Он сидел сейчас за столом, всматривался в карту с нанесенным на ней расположением своих армий, дивизий и группировок врага. Все казалось будто очевидным, ясным, не на чем даже остановить усталую от напряжения и горечи мысль. Может, мешала ему тихая песня, доносившаяся откуда-то снаружи. Молодой и чистый мужской голос журчал тоненькими струйками, а слов разобрать было невозможно. Что-то близкое, родное, тревожившее душу, слышалось в этом голосе и увлекало память в далекие годы, в мир его детства и юношества. Почему-то перед глазами вставала родная Стрелковка, вспучившееся под разнотравьем поле, через которое он бегал в церковноприходскую школу деревни Величково. Будто наяву виделись в кудрявой зелени речки Олубянка и Протва, где с тихим азартом ловил он, мальчик Гоша, рыбу.

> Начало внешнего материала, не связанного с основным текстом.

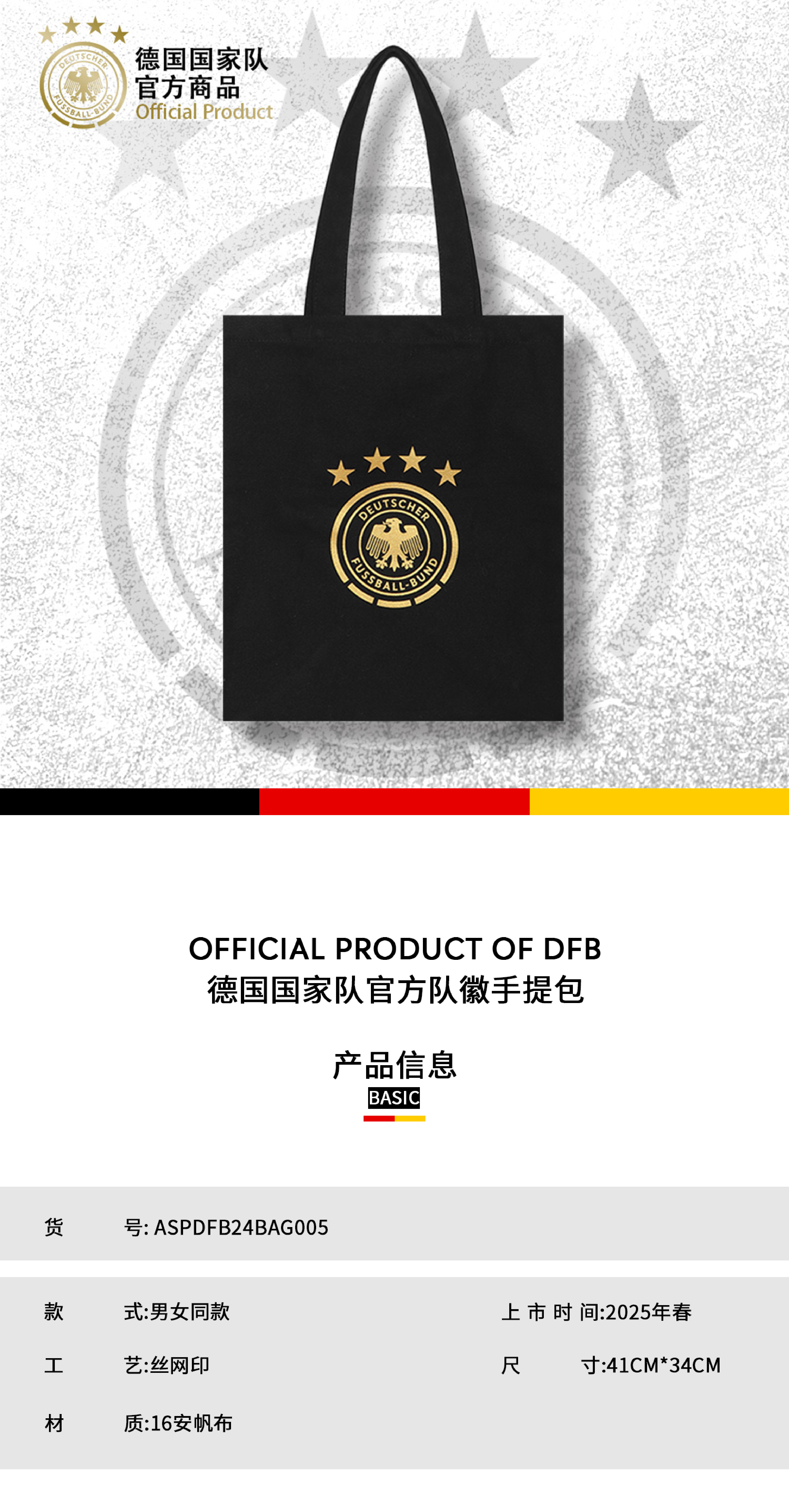 【官方正版】德国国家队 | 队徽手提包足球迷帆布包单肩挎袋子

Тронул болью в сердце всплывший в памяти случай, когда обвалилась от ветхости крыша их дома и семье пришлось переселиться в сарай; там отец сложил небольшую каменную печку для готовки пищи и обогрева. Свет от стоявшей на печке тусклой плошки не мог продраться сквозь мглу в углах сарая.

И мнилось в полудреме, что неумолкавшая тоскливая песня действительно доносилась до него из тех далеких лет, от Протвы и Олубянки, а может, из соседнего села Черная Грязь или недалекого от Стрелковки Угодского Завода. Ныло сердце и шкварчало в голове — признак крайней усталости и дурного настроения.

Песня незаметно растаяла, а мысли Георгия Константиновича не могли вернуться в сегодняшний день — все петляли по причудливым лабиринтам непростой его судьбы и будто искали ответ на какой-то мучивший вопрос.

Да, сейчас он оказался в трагически-тяжком положении, как никогда в жизни. Понимал, что Москва возлагает на него все надежды, а он будто оказался с завязанными глазами и не ведал, куда сделать шаг. Такого с ним еще не бывало даже в те далекие годы, когда терпел нищету, унижения, побои. После приезда в штаб Резервного фронта и после изучения обстановки трижды устремлял он главные свои силы на немецкие дивизии, укрепившиеся в ельнинском выступе, но не добился того успеха, на какой рассчитывал. Почему не получилось? Почему август был таким неудачливым месяцем? Ведь следовал Жуков принципу, ранее не подводившему его: до полной ясности возвышал свои духовные и умственные силы, соединял в решениях расчет, смелость и осторожность, исходил из выверенного закона стратегии — действовать сосредоточенными силами на решающем участке и в решительный момент захватывать стремительным наступлением инициативу… Не получилось. Немцы, правда, понесли потери, но и полегли десятки сотен наших бойцов и командиров. Сколько похоронок пошло в глубь России!..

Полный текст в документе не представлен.